= RAO Video =

Video rental store in Little Rock, Arkansas

RAO Video was a family run video rental store located in Little Rock, Arkansas. It was one of the oldest and continually operating video rental stores in the world, in business for nearly 45 years before its closure in late 2021.

RAO originally opened in 1977 by Bob Oliver, same year George Atkinson began his pioneering of the video rental industry. Oliver was inspired by an article in The Wall Street Journal, however the public did not originally respond to his business idea. He operated a booth at the Arkansas State Fair for several years to educate the public about video tape.

The original store was located in a 10x10 sqft kiosk in Metrocentre Mall, an outdoor shopping district in downtown Little Rock. It then moved to the Donaghey Building, then to 615 Main St and finally to its present location in 2001 at 609 Main St.
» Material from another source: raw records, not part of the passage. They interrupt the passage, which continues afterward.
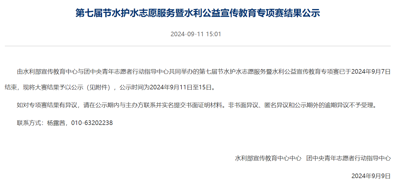 第七届节水护水志愿服务暨水利公益宣传教育专项赛公示结果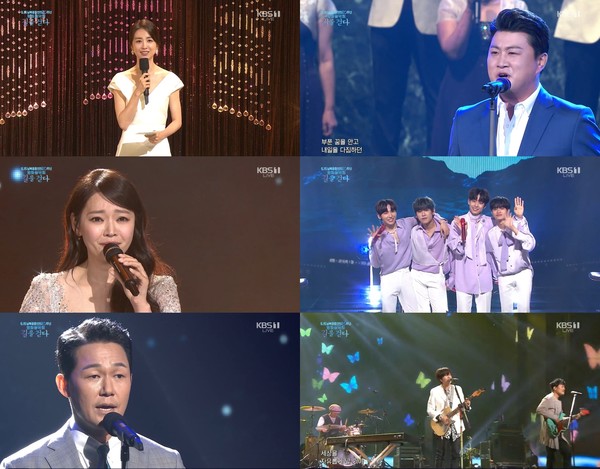 가수 김진호는 보고 싶어도 볼 수 없는 가족에 대한 그리움을 '가족사진'에 담아 전했다. 크로스오버의 대표 주자 포레스텔라는 평화를 향한 염원을 조용필의 '바람의 노래'에 담았고, 이어 마이클 잭슨의 'heal the world (힐 더 월드')를 어린이 합창단과 함께 환상의 하모니를 선사했다.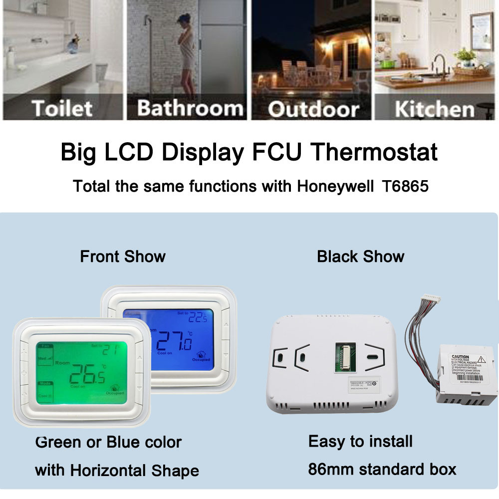 Los termostatos digitales T6865 están diseñados para la aplicación de ventiladores de 3 velocidades y válvulas modulantes en sistemas fan coil. Incluye: 2 tubos sólo frío/sólo calor/conmutación manual Modo ventilación Control manual o automático del ventilador de 3 velocidades Control de la válvula moduladora La velocidad del ventilador puede seleccionarse en modo de control automático o manual de 3 velocidades. En el modo de ventilación, el ventilador sólo admite el control de velocidad manual.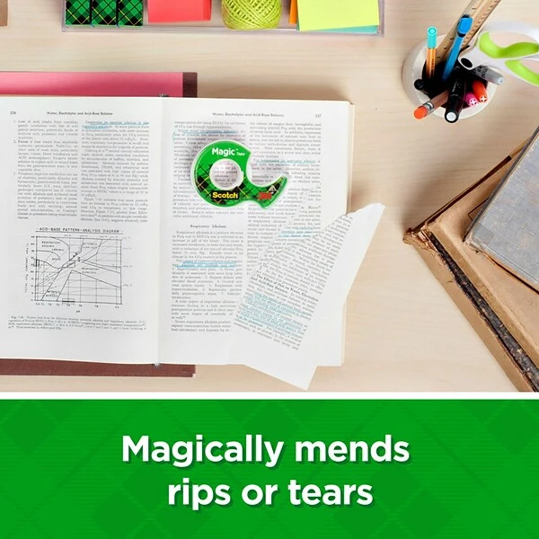 Scotch® Magic™ Tape works as hard as you do to fix all the little imperfections at home, school and the office. The Scotch® Brand’s famous matte finish invisible tape uses unique 3M adhesive technology to bond tightly with paper and disappear without a trace. Write on it with pencil, pen or marker every word is loud and clear. Scotch® Magic™ Tape: Always ready for big ideas and everyday mends.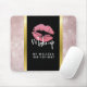 Pink Glitter Lips & Rose Gold Tropical Leaves Mouse Pad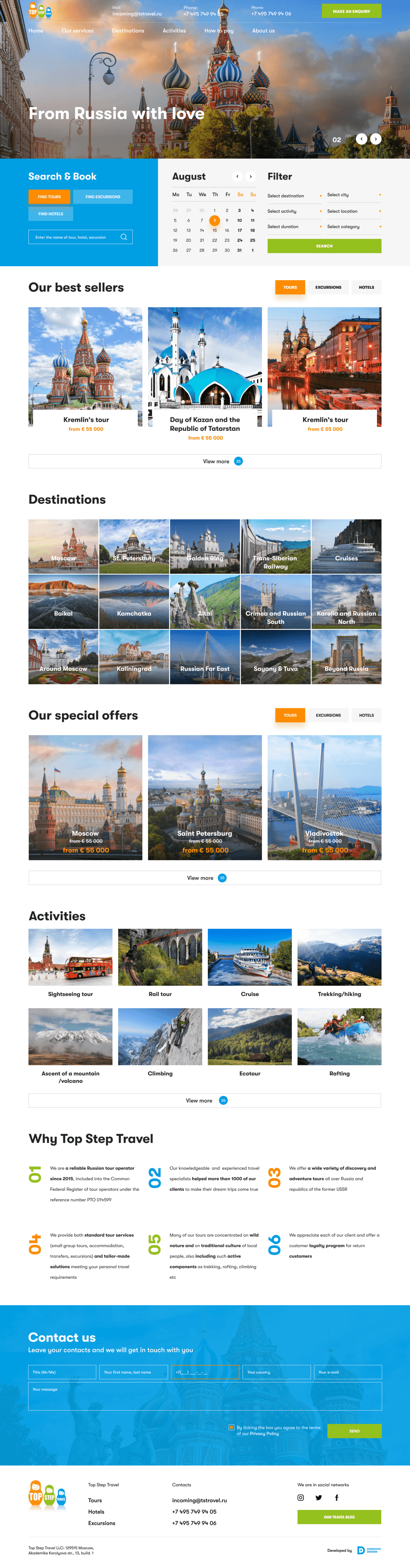 На этапе разработки дизайна сайта перед нами стояла интересная творческая задача: создать красочный сайт, подчёркивающий отличительные особенности туризма по России. Как результат — лёгкость восприятия при информационной насыщенности и удобная навигация.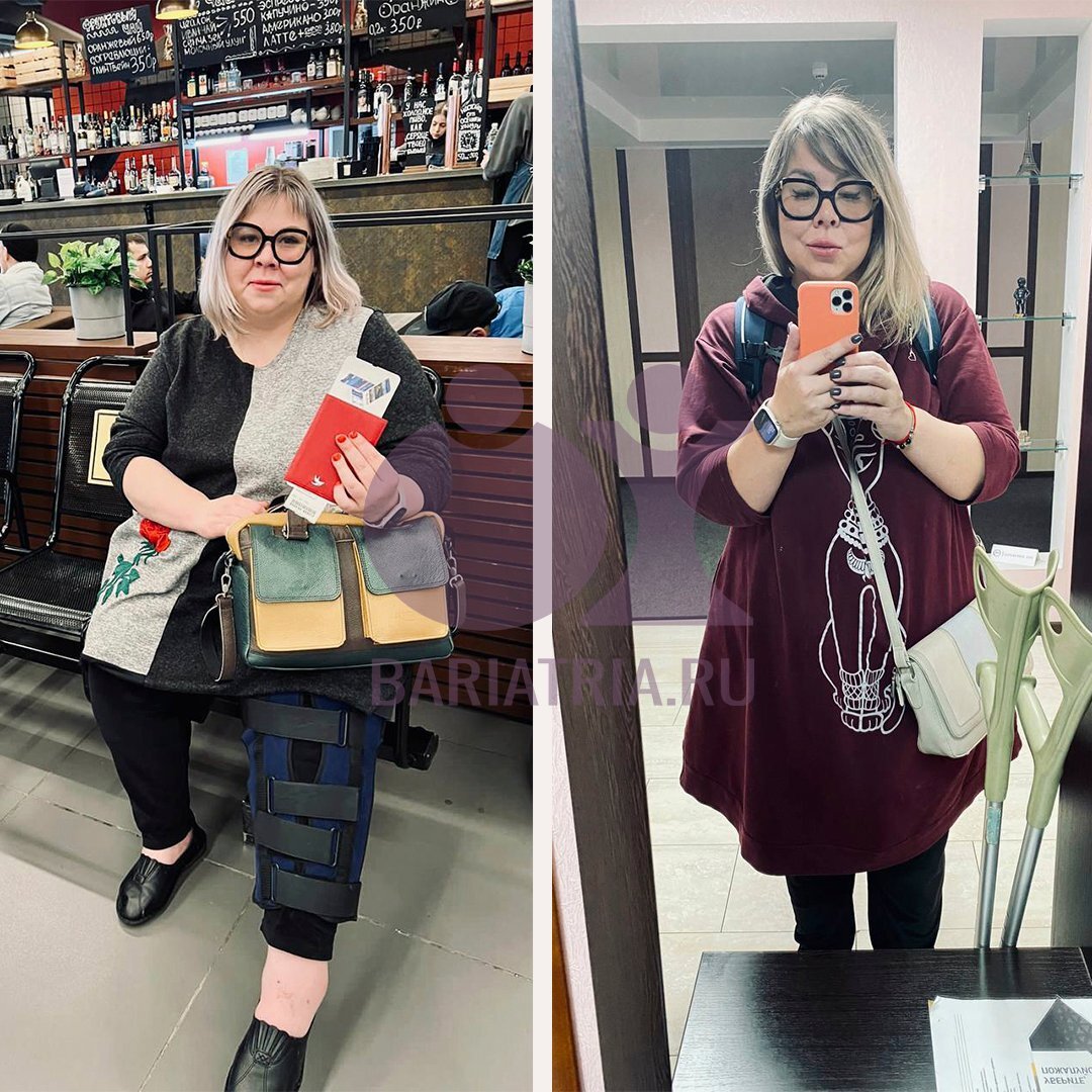 Ирина прилетела к нам на операцию с Камчатки. Изначальный вес больше 150 кг, травма ноги. Прошло 10 месяцев после операции. Похудение еще продолжается, перед Вами промежуточные результаты. но чего стоят слова самой Ирины!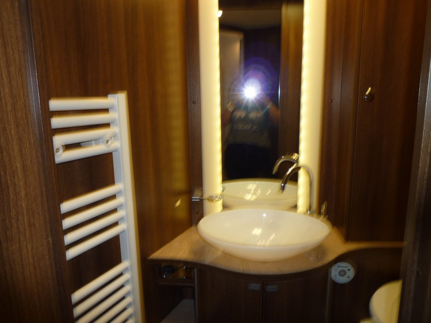 grande soute transversale (1 porte de chaque coté) , douchette extérieur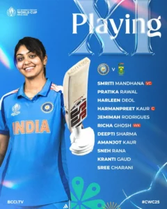 भारत: स्मृति मंधाना, प्रतिका रावल, हरलीन देओल, हरमनप्रीत कौर (कप्तान), जेमिमा रॉड्रिग्ज, ऋचा घोष (विकेटकीपर), दीप्ति शर्मा, स्नेह राणा, अमनजोत कौर, क्रांति गौड़ और श्री चरणी।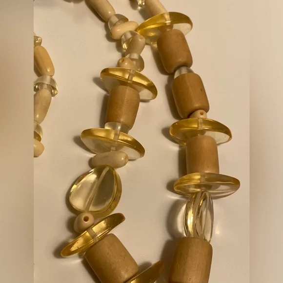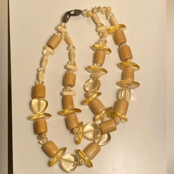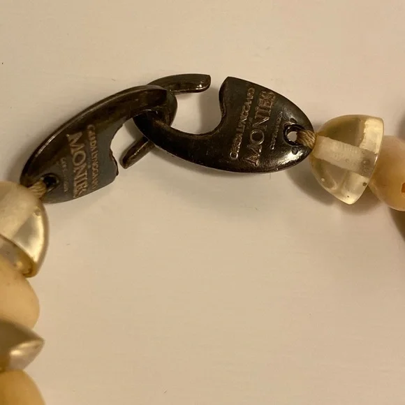 All Monies jewelry pieces are one of a kind! This vintage statement necklace is gorgeous, made from natural material. (See Monies blurb below)Double stranded choker style with wood and lucite hand carved, hand strung beads. Both clasps are stamped for authenticity - Gerda Lynggaard Monies Copenhagen Monies produces one of a kind rare designer pieces. You literally won’t find another like this!From the Monies website: Timeless designs in exclusive materials. Each piece of jewellery is unique and defined by the naturalness of the material. Some pieces come easily; others remain unfinished for months while waiting for that one specific stone to make everything complete.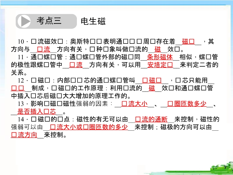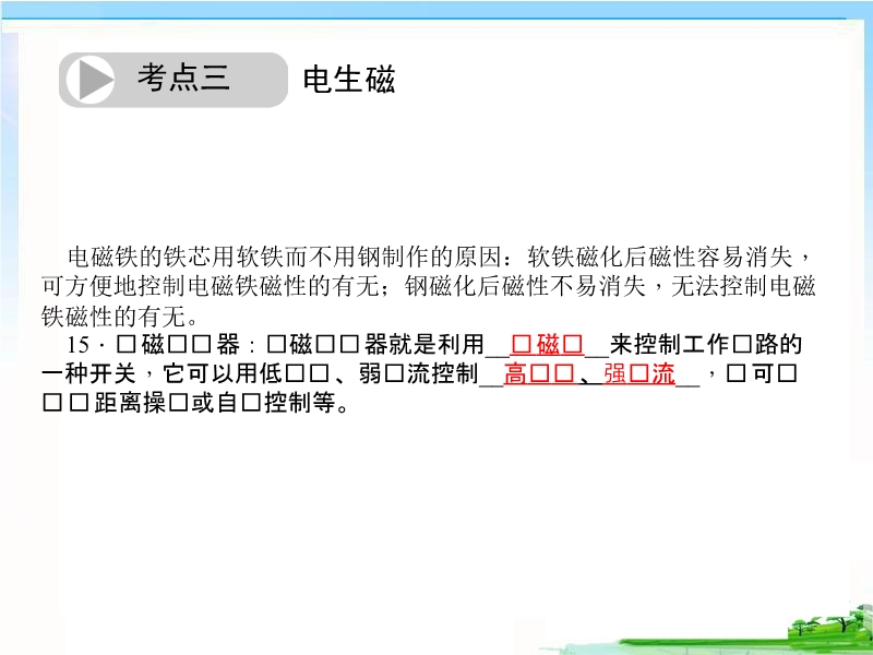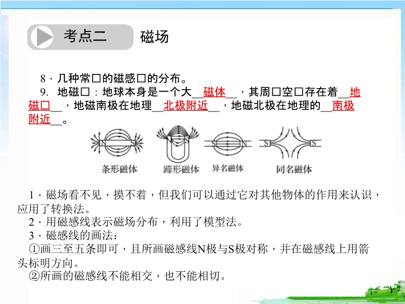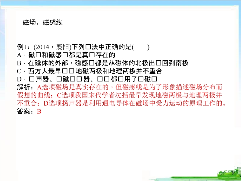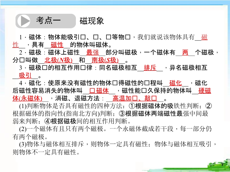 【内容简介】【中考精英】2015中考物理《第24讲 磁现象 电生磁》PPT+同步测试练习课件共有16张幻灯片,课件分四个部分:1、考点梳理,梳理本章知识要点:磁现象和电生磁,2例题精选:课件精选了到2014年中考试题,重在通过例题剖析,分析考点,总结归纳方法。3易错易混环节,对相似知识点就行区别,4、是一个word格式的课堂训练。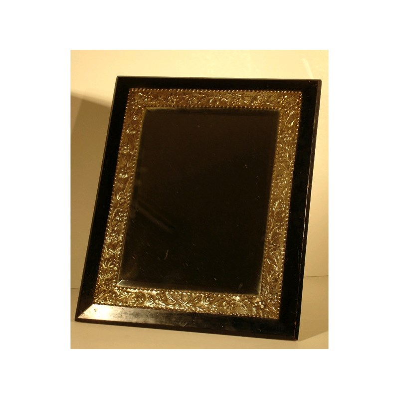 An Aesthetic Movement silver mounted ebonised wood mirror easel back, the silver band stamped with flowers, stamped marks London 1892 55cm. high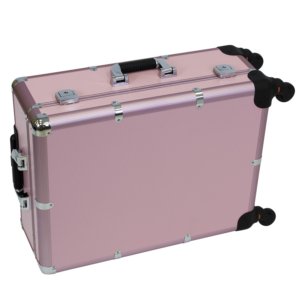 Мобильная студия визажиста VZ-210 поможет создать профессиональный уголок в любом салоне красоты или на выездном мероприятии. Студия представляет собой компактный столик с раздвижными полочками, зеркало и освещение из 6 ламп. В полочках предусмотрено специальное пространство для хранения косметики и инструмента, на верхних полках есть место для хранения палитры теней. Удобные телескопические ножки обеспечивают установку студии на любой поверхности. Высоту треноги можно регулировать. Студия визажиста собирается в компактный чемодан на колёсиках с удобной выдвижной ручкой. Поэтому её легко транспортировать, что делает её незаменимым помощником для выездной работы. Для дополнительной безопасности кейс закрывается на два ключа. Оборудование для визажистов изготовлено из ПВХ. Этот надёжный качественный материал защитит содержимое кейса от воздействия влаги и света. В открытую верхнюю часть встроено достаточно большое зеркало с гладкой поверхностью. Оно достаточно прочно и устойчиво к умеренным механическим повреждениям. Зеркальное полотно точно передаёт отображение, не искажая его. Рабочее место идеально освещается при помощи встроенных LED ламп по периметру зеркала. Шнур питания и розетка для электроприборов встроены в корпус кейса. Профессиональная студия визажиста VZ-210 дополнит интерьер любого современного салона красоты, а также станет незаменимым помощником в работе на конкурсах, модных показах и других выездных мероприятиях.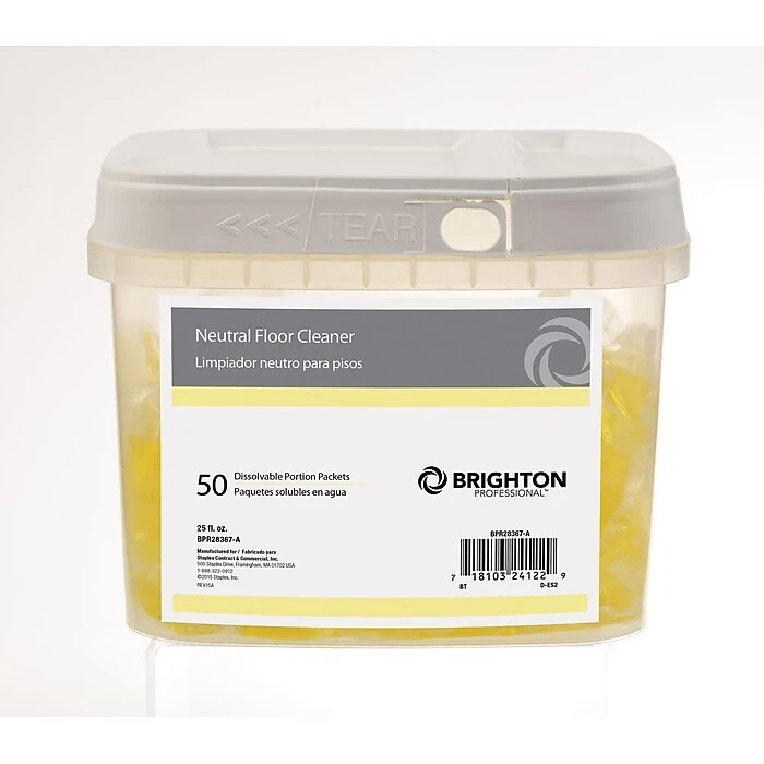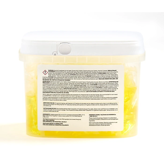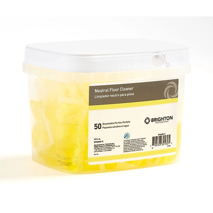 - Water-soluble, portion-controlled packets of liquid concentrate neutral floor cleaner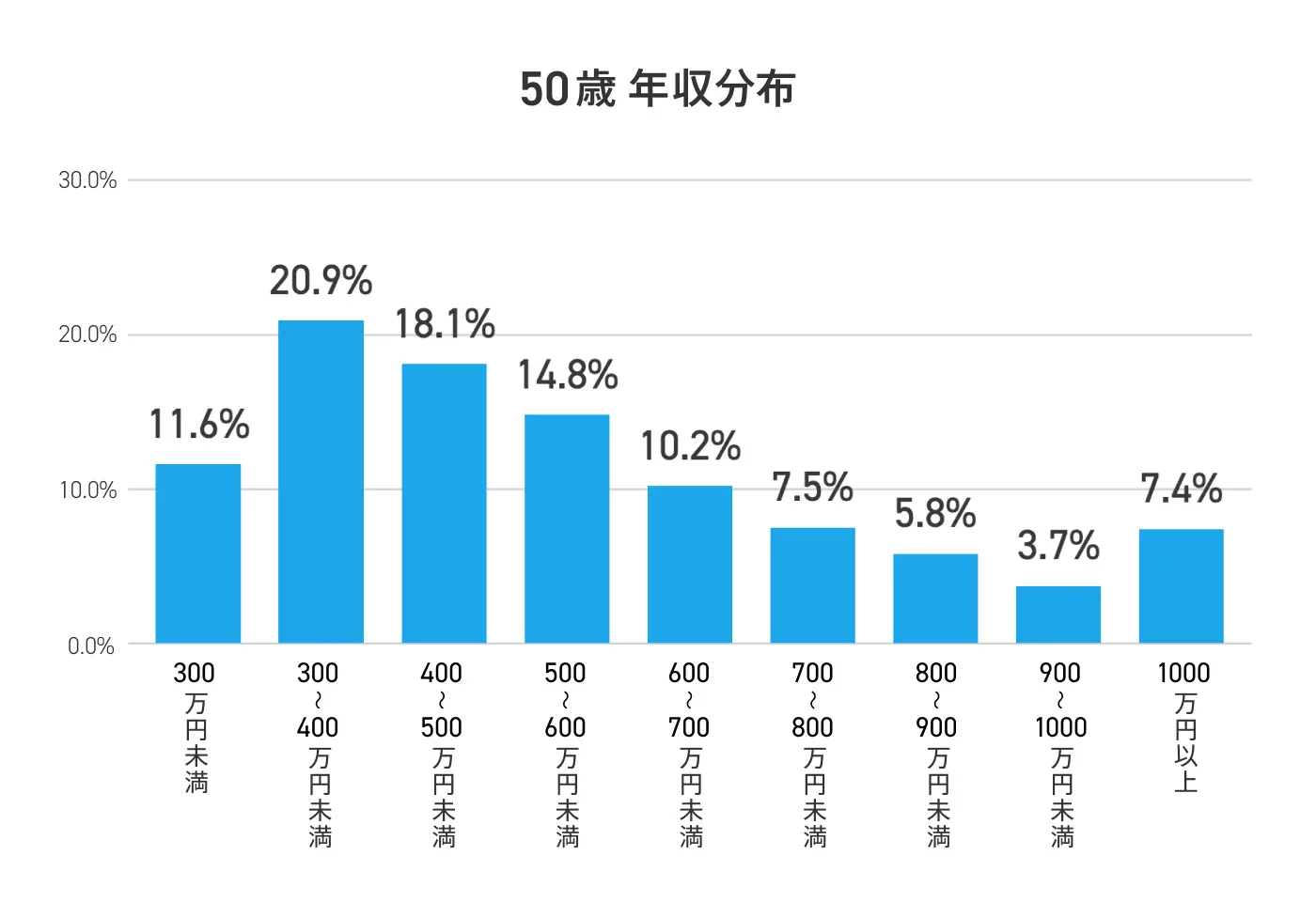 50歳の年収分布を見ると、最も割合の高い年収帯は「300~400万円未満」で20.9%、次いで「400~500万円未満」が18.1%、「500~600万円未満」が14.8%となっています。
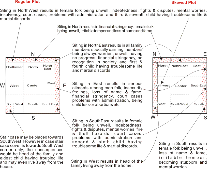 These may not be constructed towards East, North, NorthEast, NorthWest, SouthEast walls and the corners of any room.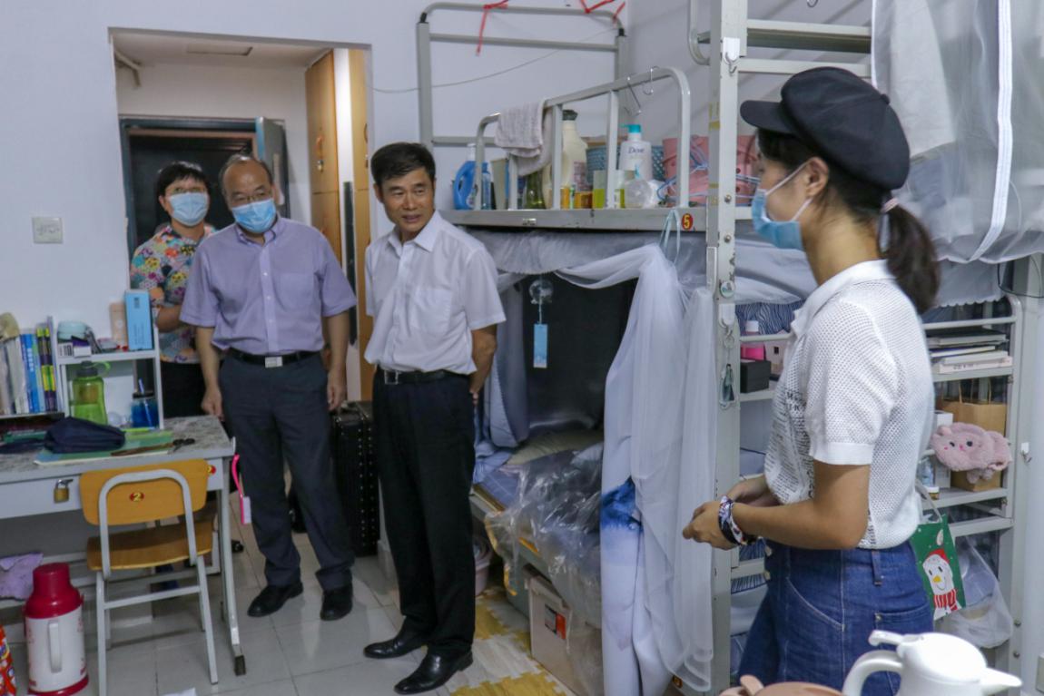 (记者 王雷亭 摄影 阎玺 余蓉茜)9月4日下午,党委书记陈文申、副书记姜绪范、副校长刘守训检查指导返校工作,看望慰问首批返校学生及工作人员。

The store featured 30,000 titles on DVD and Blu-ray, including a wide selection of obscure titles, cult classics and adult films as well as adult toys. In later years, the store expanded to include a vape shop and Oak Forest Vintage clothing.

In early 2020, the owner listed the store's downtown Little Rock building for sale for $1.3 million and announced that RAO video would close once a buyer was found. The store remained open and continued selling off its inventory until September 2021, when the building was sold for $850,000.

In 2024, the downtown building that was final twenty-year home of RAO Video was added to the National Register of Historic Places.